Come mi immagino Dio? Capelli bianchi, barba lunga e niente uccello.
(Charles Bukowski)
Più o meno ci siamo, con la sola differenza che l’uccello in questo caso c’è e pare bello grosso, tanto che il cantante si riferisce a lui chiamandolo Chinga-Linga-Ling (o qualcosa del genere) durante più d’una delle manicomiali introduzioni ai pezzi. Per il resto, la sensazione è più o meno quella di essere presi a schiaffi da Dio in persona, nella forma di cinque bovari del North Carolina che danno vita al live show più eccitante attualmente in circolazione.
I feel good… I look good!, quasi pensa tra sé e sé il cantante ammirando la sua pancia pelosa madida di sudore tra un pezzo e l’altro: cioè, non solo mi sento bene, ma anche sono bello, il che, considerato il soggetto in questione, è ovviamente qualcosa di sublime. Poi impari Tomorrow Police, che è né più né meno il più grande pezzo contro gli sbirri mai scritto, e senti con le tue orecchie (ma lo stesso non riesci a crederci) un accoratissimo e sconclusionatissimo appello alla Pace Universale tra i Popoli che al confronto Daniel Johnston quando dice di voler lasciarci con un messaggio positivo (e poi parte True Love Will Find You in the End) diventa Carl Panzram; e allora il presentimento di essere stato testimone di qualcosa di epocale si trasforma in certezza.
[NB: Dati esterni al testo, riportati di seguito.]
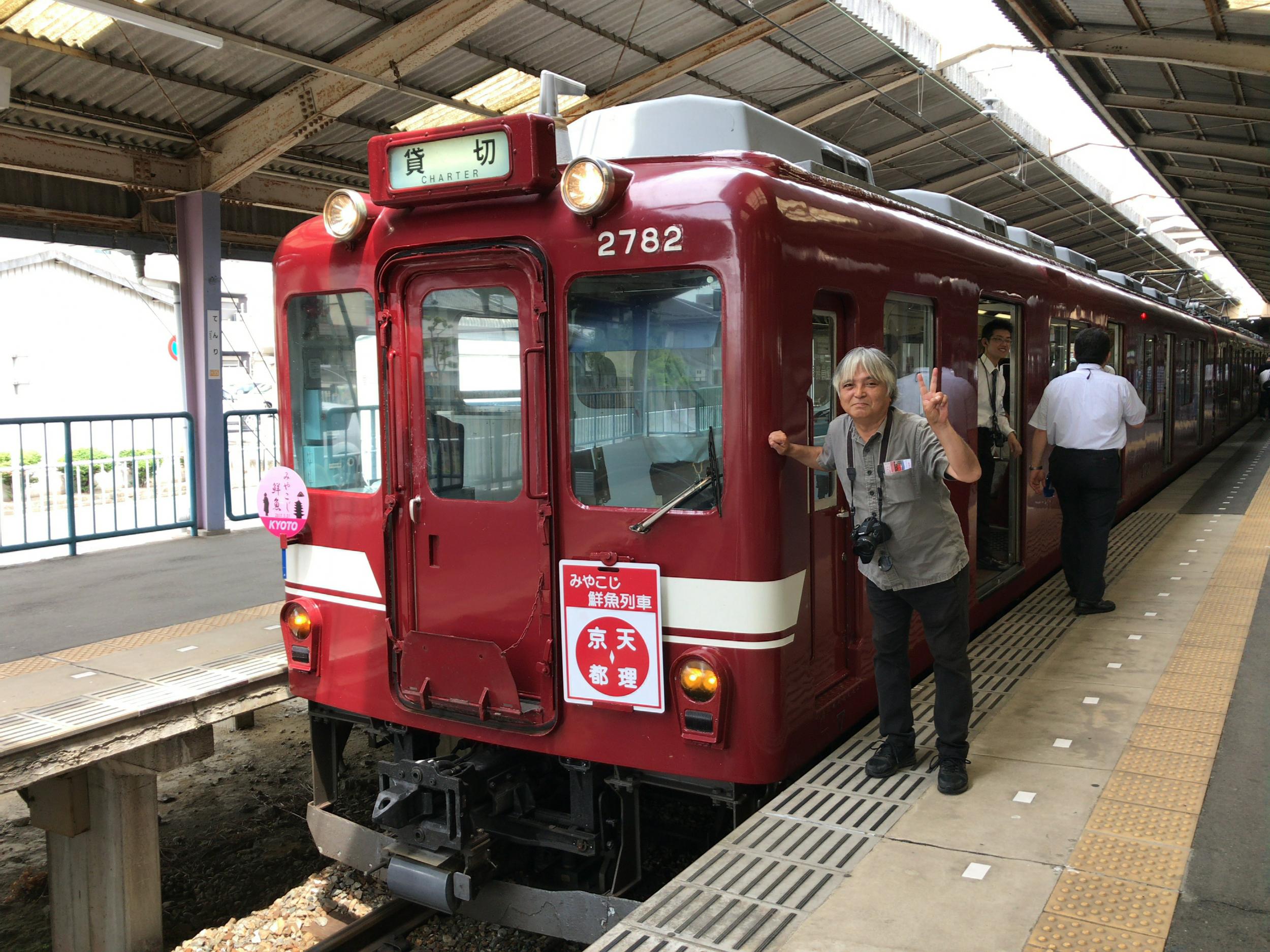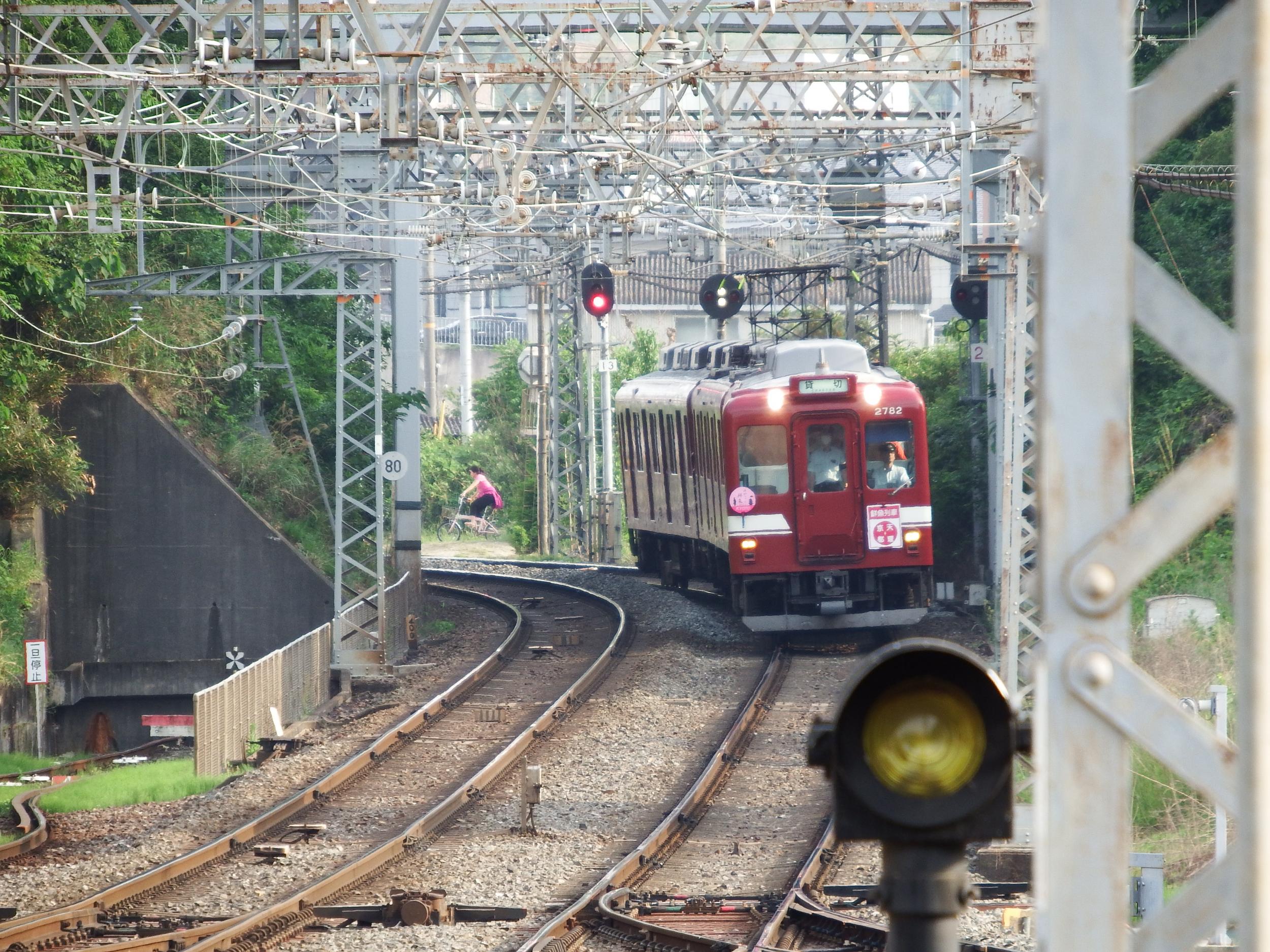 とても5月とは思えない暑さで、興戸駅に戻って来たときにはフラフラ、駅前でしばらく涼んで、京都行きの普通に乗って調べてみたら、このすぐ後が鮮魚列車で、向島へ着いて撮影ポイントへ移動する時間も無いことがわかりました。車内のみんなにももう一度会って、撮ってきた鳥の写真を見てもらいたくもあり、巨椋干拓地は諦めて新田辺で下車、鮮魚列車を迎えることにしました。

E i Dillinger? Certo, raffinati. Tecnici. Pazzi. Geniali. Intelligenti. Sopraffini. Fusion. Suonano per un’ora d’orologio il solito delirio ipercinetico e cervellotico, penalizzati da un audio stile concerto dei Brutal Truth ma comunque sempre pronti ad arrampicarsi dappertutto come tante piccole scimmiette e a fare tante tante mosse spastiche disarticolate. Greg Puciato flette il muscolo, minaccia gente a caso e ti fa desiderare di conoscere il suo personal trainer. C’è la cover, inevitabile, di Come to Daddy. Si versa acqua sull’uccello. Ma non era la loro serata, e questo i saggi l’hanno capito.

PS il mio amico Riki non mi ha mandato in tempo l’unica foto che era riuscito a scattare col cellulare (comunque, si intuiva una mano davanti a un riflettore giallo); la foto che vedete l’ho presa a caso da Flickr dal set di un tizio americano.